++++ Provided data ++++
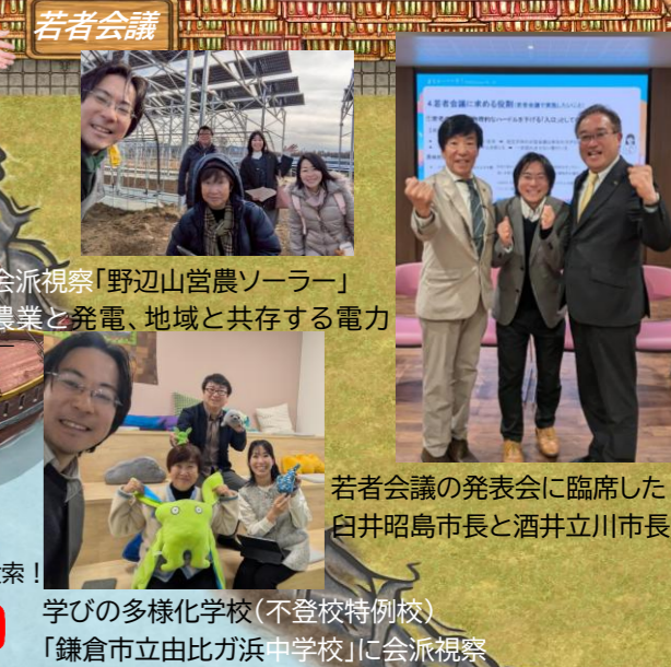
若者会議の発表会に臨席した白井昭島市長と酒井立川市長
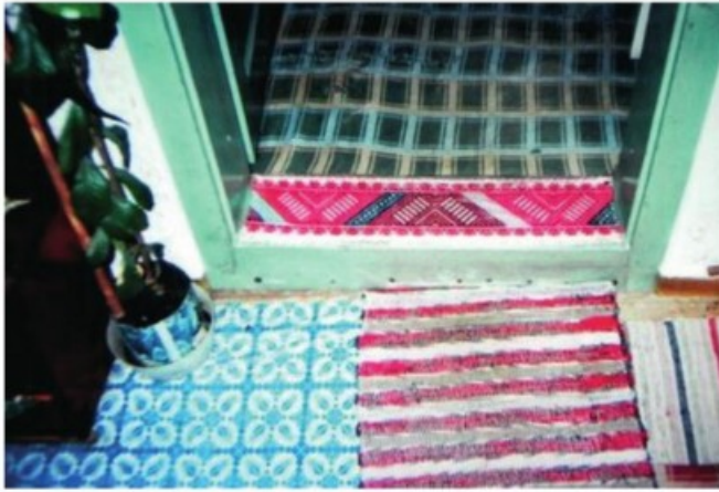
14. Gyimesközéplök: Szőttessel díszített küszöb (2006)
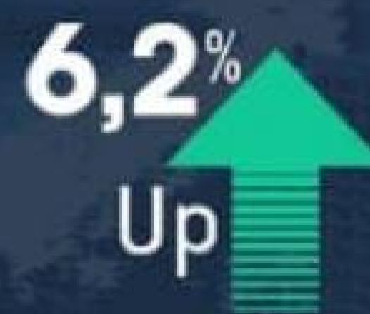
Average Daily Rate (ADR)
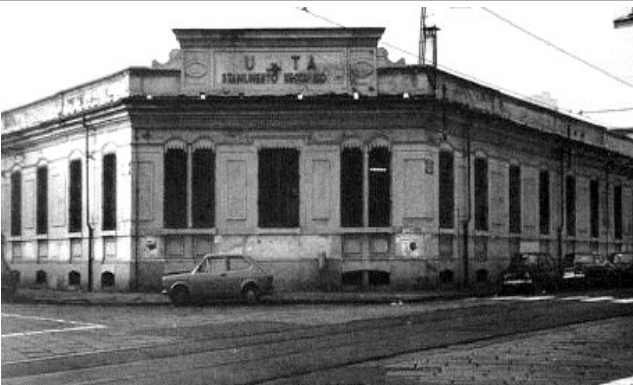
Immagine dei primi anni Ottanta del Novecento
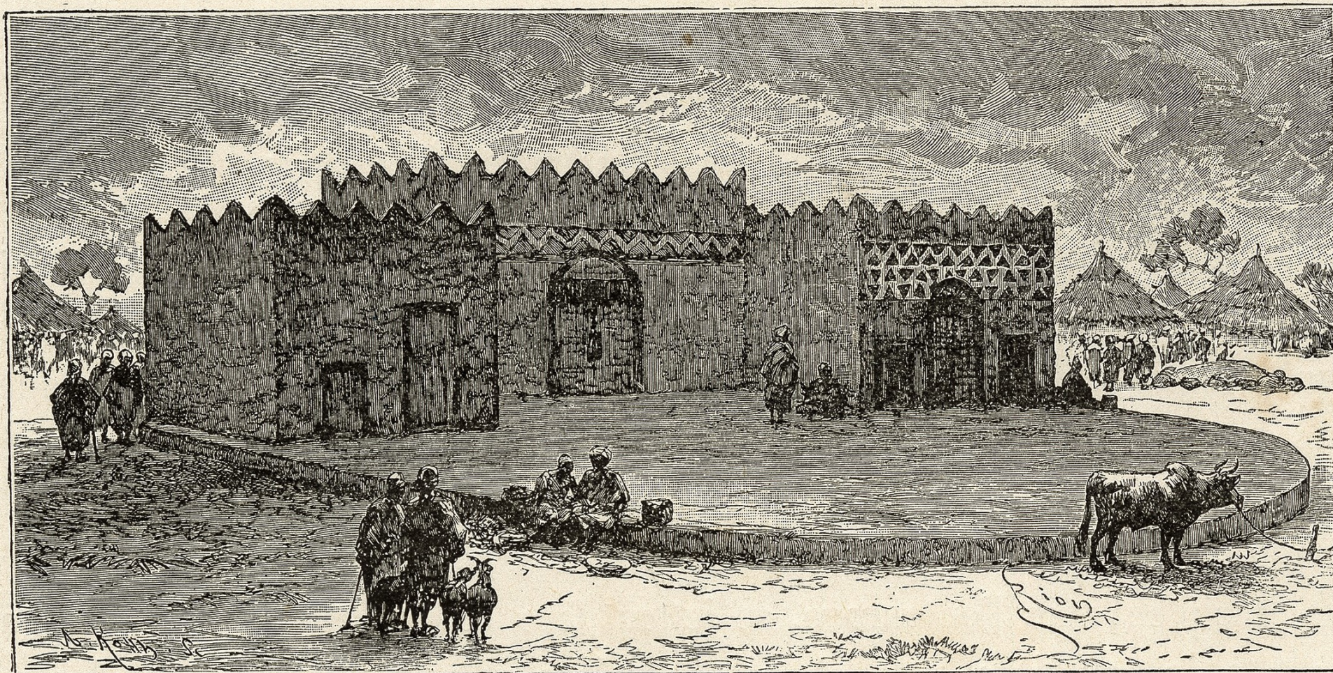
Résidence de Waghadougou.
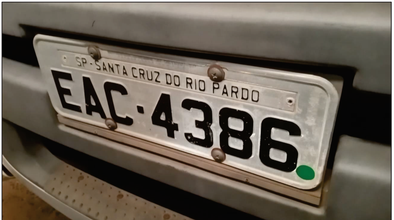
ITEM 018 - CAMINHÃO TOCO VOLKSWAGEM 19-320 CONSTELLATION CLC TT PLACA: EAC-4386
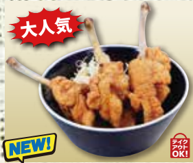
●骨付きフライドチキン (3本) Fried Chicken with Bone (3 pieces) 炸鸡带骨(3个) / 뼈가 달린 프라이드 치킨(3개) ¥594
++++
What to do: From the first line to the last, retype the data above exactly, but not its images.

Output of the task:
若者会議の発表会に臨席した白井昭島市長と酒井立川市長
14. Gyimesközéplök: Szőttessel díszített küszöb (2006)
Average Daily Rate (ADR)
Immagine dei primi anni Ottanta del Novecento
Résidence de Waghadougou.
ITEM 018 - CAMINHÃO TOCO VOLKSWAGEM 19-320 CONSTELLATION CLC TT PLACA: EAC-4386
●骨付きフライドチキン (3本) Fried Chicken with Bone (3 pieces) 炸鸡带骨(3个) / 뼈가 달린 프라이드 치킨(3개) ¥594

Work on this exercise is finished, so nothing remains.